With no games likely until at least after the Easter break, in early April, speculation is mounting on the possibility of playing the league this season.

Rogers didn't feel the news of the start of the season moving back was 'unexpected', but said it was 'frustrating' having the goalposts changed.

“How are you supposed to prepare for something properly and get yourself in the best physical shape...putting it back and putting it back,” he asked.

It would've been easier if he knew the season was starting later and 'made peace' with a new schedule, allowing players to focus accordingly.

“It would've been a lot easier mentally for a lot of people if it was in six months time, as a final decision.”

Last year, Derry had only two games remaining in their league campaign when the brakes were slammed on the fixture calendar.

“You can't start it at the same time they started it last year.
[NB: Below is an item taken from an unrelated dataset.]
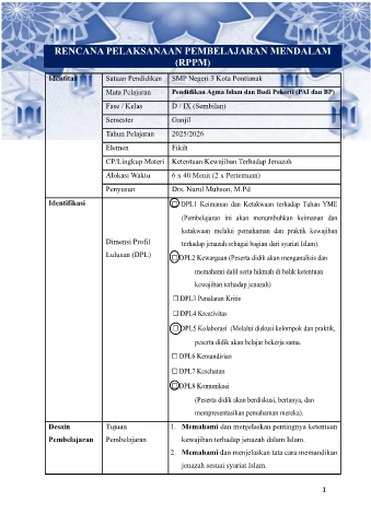 Identifikasi ☐ DPL1 Keimanan dan Ketakwaan terhadap Tuhan YME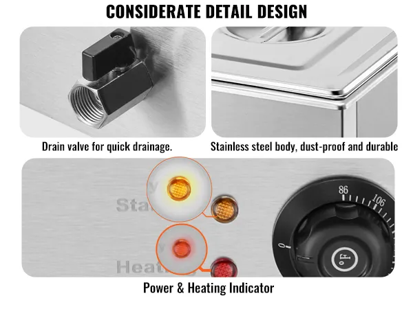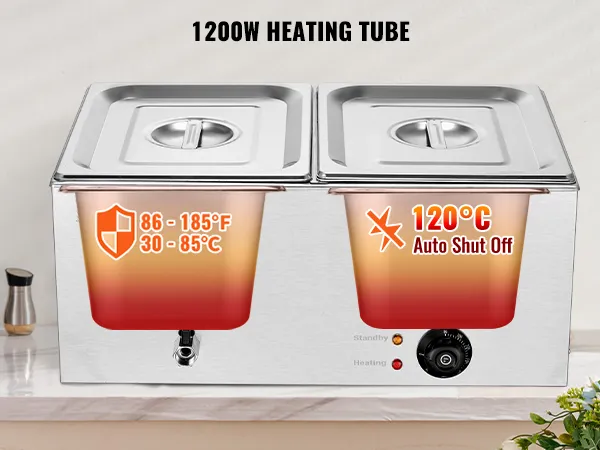 Equipped with a 1200W hidden heating tube, the buffet bain marie heats quickly and prevents scale buildup. Temperature adjustable from 86-185°F (30-85°C), with dual-color temperature indicators and auto shut-off when overheating. 3-step restart, but DO NOT add ice water to prevent damage.

There is no way you'd get the league started after a club championship season, then play inter-county championship.

“Where are you going to get the time,” Rogers asked, while referring to the 'concrete' plans for a provincial and All-Ireland club series.

“It was tight enough last year between club finishing and inter-county starting. It was maybe two weeks and if they do the same this year, to have two weeks to run off a league campaign, it doesn't make sense.

“You could have the league like the McKenna Cup and you could run it off a lot sharper, albeit it changes how the league would be perceived as a competition, but I suppose it is the year and the times we are in. There are a lot more tricky things to it than that.”